Now a model is executed with the hyper parameters that provide the best ROC AUC score.

In [83]:
import pandas as pd
from sklearn.model_selection import train_test_split, cross_val_score
from sklearn.ensemble import RandomForestClassifier
from sklearn.metrics import make_scorer, f1_score, roc_auc_score

# Split input features and target feature
X = df.drop(columns=['stint_vs_prev_stint'])
y = df['stint_vs_prev_stint']

# Split the data into training and testing sets
X_train, X_test, y_train, y_test = train_test_split(X, y, test_size=0.2, random_state=42)

# Initialize the Random Forest model for classification
model = RandomForestClassifier(max_depth=10
                               , min_samples_leaf=2
                               , min_samples_split=2
                               , random_state=42)
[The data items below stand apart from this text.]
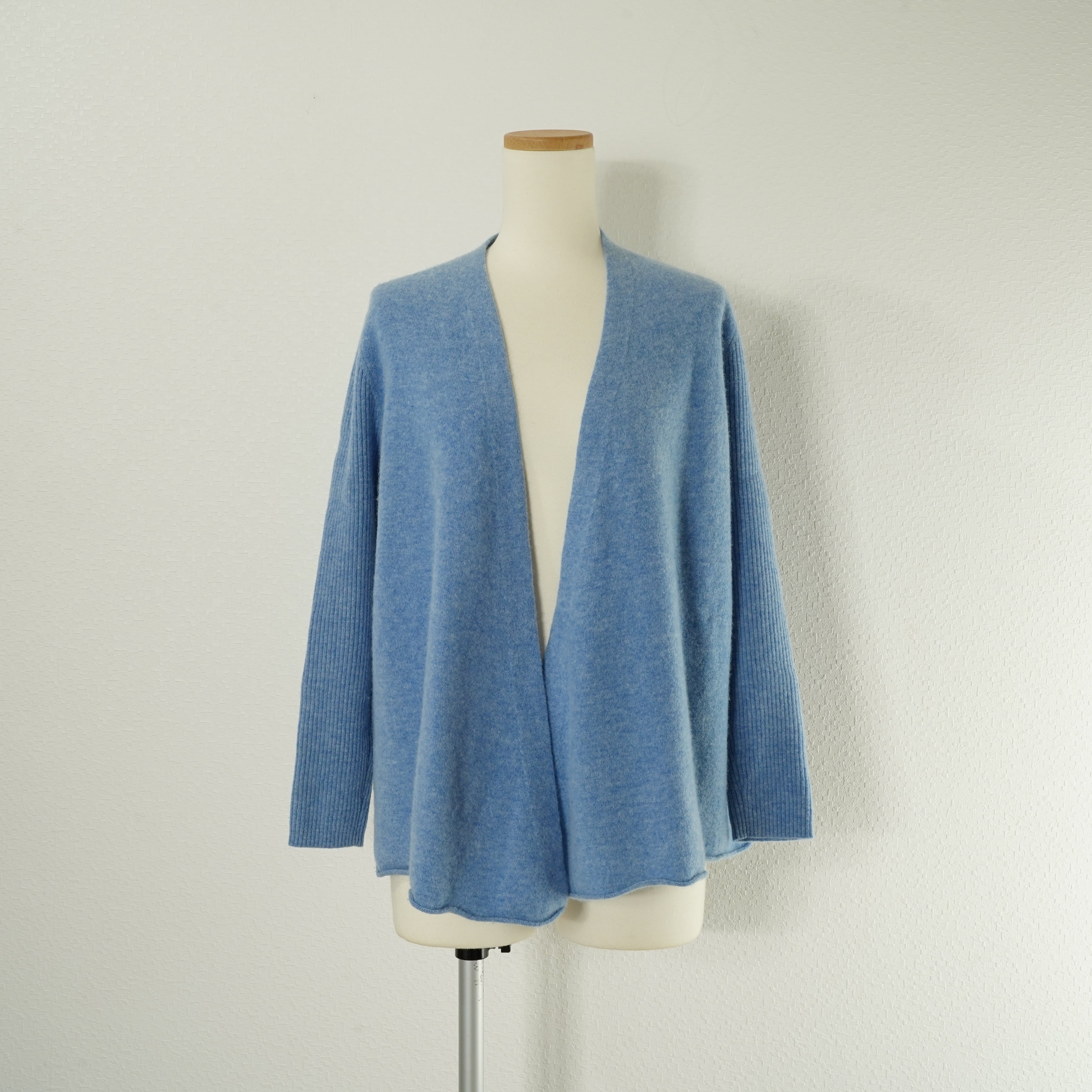 リブ袖が細身のAラインが綺麗なショールカーディガンです。
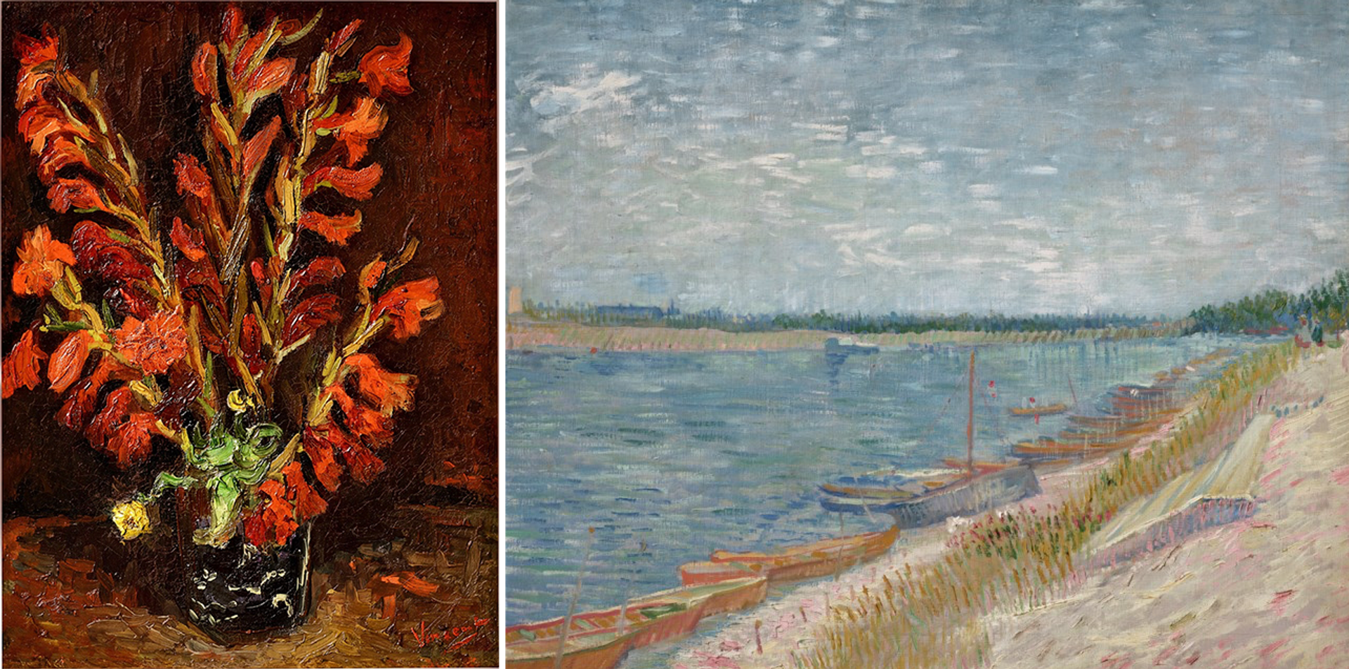 Van Gogh’s Still life: Vase with Gladioli (August-September 1886) and Moored Boats (July 1887), which were auctioned in Hong Kong in 2021 and 2024
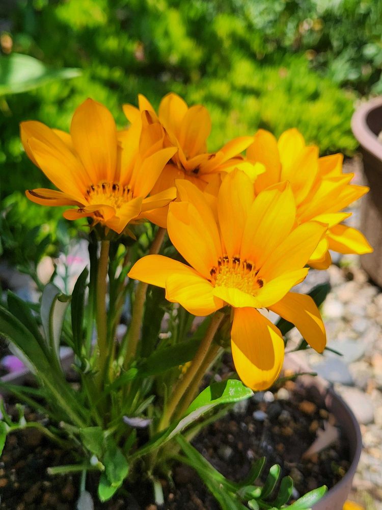 昨日の画像ですが 庭に出てみると いきなり沢山の🟡黄色のガザニアが咲いていて 驚かされたような…挨拶されたような…😱💕💕💕
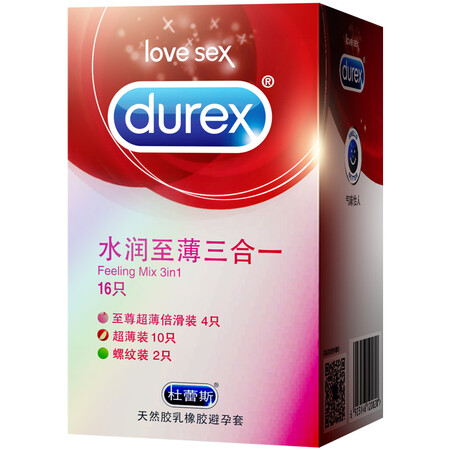 杜蕾斯 避孕套 套套 男用 安全套 超薄 计生用品 水润至薄三合一 16只装 成人用品 Durex
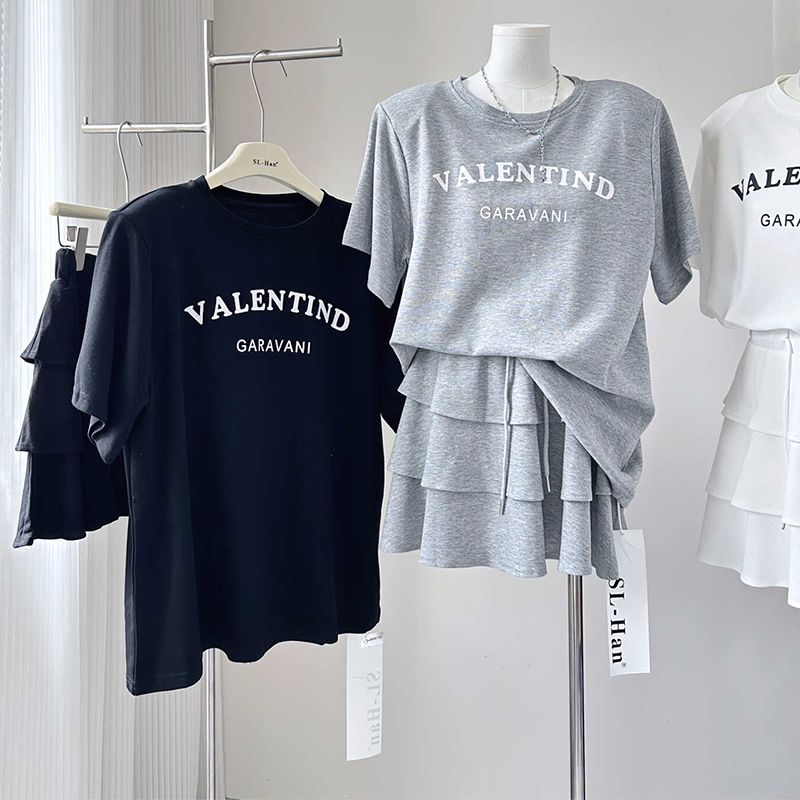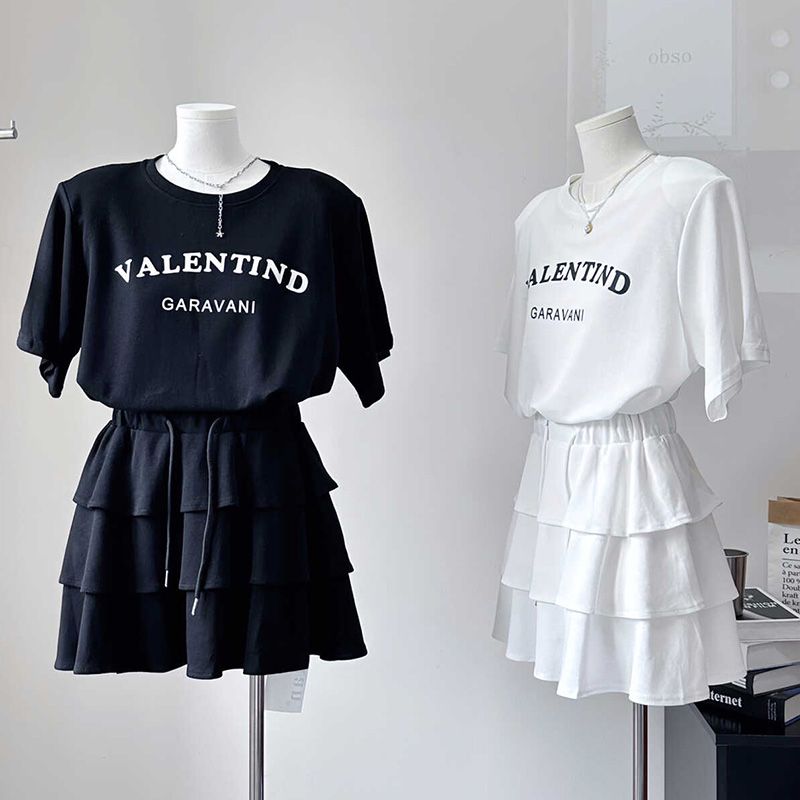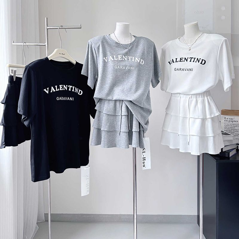 BY14657# 超火夏装一整套穿搭女新款慵懒风宽松t恤+半身裙减龄两件套 服裝批發女裝批發服飾貨源

# Define the scoring metrics
f1_scorer = make_scorer(f1_score, average='binary')
roc_auc_scorer = make_scorer(roc_auc_score, needs_proba=True)

# Perform cross-validation and compute F1 and ROC AUC scores
cv_f1_scores = cross_val_score(model, X_train, y_train, cv=5, scoring=f1_scorer)
cv_roc_auc_scores = cross_val_score(model, X_train, y_train, cv=5, scoring=roc_auc_scorer)

# Train the model on the full training set
model.fit(X_train, y_train)

# Make predictions on the test set
y_test_pred = model.predict(X_test)

# Evaluate the model on the test set
test_f1 = f1_score(y_test, y_test_pred, average='binary')
test_roc_auc = roc_auc_score(y_test, model.predict_proba(X_test)[:, 1])

# Make predictions on the training set
y_train_pred = model.predict(X_train)

# Evaluate the model on the training set
train_f1 = f1_score(y_train, y_train_pred, average='binary')
train_roc_auc = roc_auc_score(y_train, model.predict_proba(X_train)[:, 1])

# Feature importances
feature_importances = model.feature_importances_
feature_importances_df = pd.DataFrame({
    'Feature': X.columns,
    'Importance': feature_importances
}).sort_values(by='Importance', ascending=False)

# Display the results
print("Cross-Validation F1 Scores:", cv_f1_scores)
print("Mean Cross-Validation F1:", cv_f1_scores.mean())
print("Cross-Validation ROC AUC Scores:", cv_roc_auc_scores)
print("Mean Cross-Validation ROC AUC:", cv_roc_auc_scores.mean())

print("Test Set F1 Score:", test_f1)
print("Test Set ROC AUC:", test_roc_auc)
print("Train Set F1 Score:", train_f1)
print("Train Set ROC AUC:", train_roc_auc)
print("Feature Importances:\n", feature_importances_df)

# Append results to the results table
results_table.append(('Hyperparameter Experimentation', cv_roc_auc_scores.mean(), cv_f1_scores.mean(), test_roc_auc, test_f1, train_roc_auc, train_f1))





Cross-Validation F1 Scores: [0.50813273 0.51759973 0.50542942 0.51554664 0.49722607]
Mean Cross-Validation F1: 0.5087869180581406
Cross-Validation ROC AUC Scores: [0.59637546 0.61841115 0.59766856 0.61806568 0.62732624]
Mean Cross-Validation ROC AUC: 0.6115694169534902
Test Set F1 Score: 0.5243804956035172
Test Set ROC AUC: 0.6163039512193204
Train Set F1 Score: 0.6162147933666754
Train Set ROC AUC: 0.7524160211939793
Feature Importances:
                       Feature  Importance
2      percent_through_career    0.481219
0                        year    0.199137
1                         age    0.154695
3  teammates_same_nationality    0.125659
4           tsm_vs_prev_stint    0.039291


## Results

### Results Table

In [84]:
# Extract the column titles
columns = results_table[0]

# Extract the data values and round them to 4 decimal places
values = [
    (row[0], *[round(val, 4) for val in row[1:]])
    for row in results_table[1:]
]

# Convert the values into a DataFrame
results_df = pd.DataFrame(values, columns=columns)

# Display the DataFrame
results_df

Unnamed: 0,Run,Mean CV ROC AUC,Mean CV F1,Test ROC AUC,Test F1,Train ROC AUC,Train F1
0,Initial Run,0.5762,0.5033,0.5862,0.5055,1.0,1.0
1,Control,0.5568,0.5011,0.565,0.5028,1.0,0.9999
2,Reduced Features,0.5645,0.5011,0.5662,0.5071,1.0,0.9998
3,Hyperparameter Experimentation,0.6116,0.5088,0.6163,0.5244,0.7524,0.6162


### Summary

The feature selection in the Control and Reduced Features model did not improve performance over the initial run which included all features. None of the models performed particularly well, but the initial run with hyperparameter adjustments greatly improved overfitting, with more reasonable training data scores, and a set of higher overall test scores.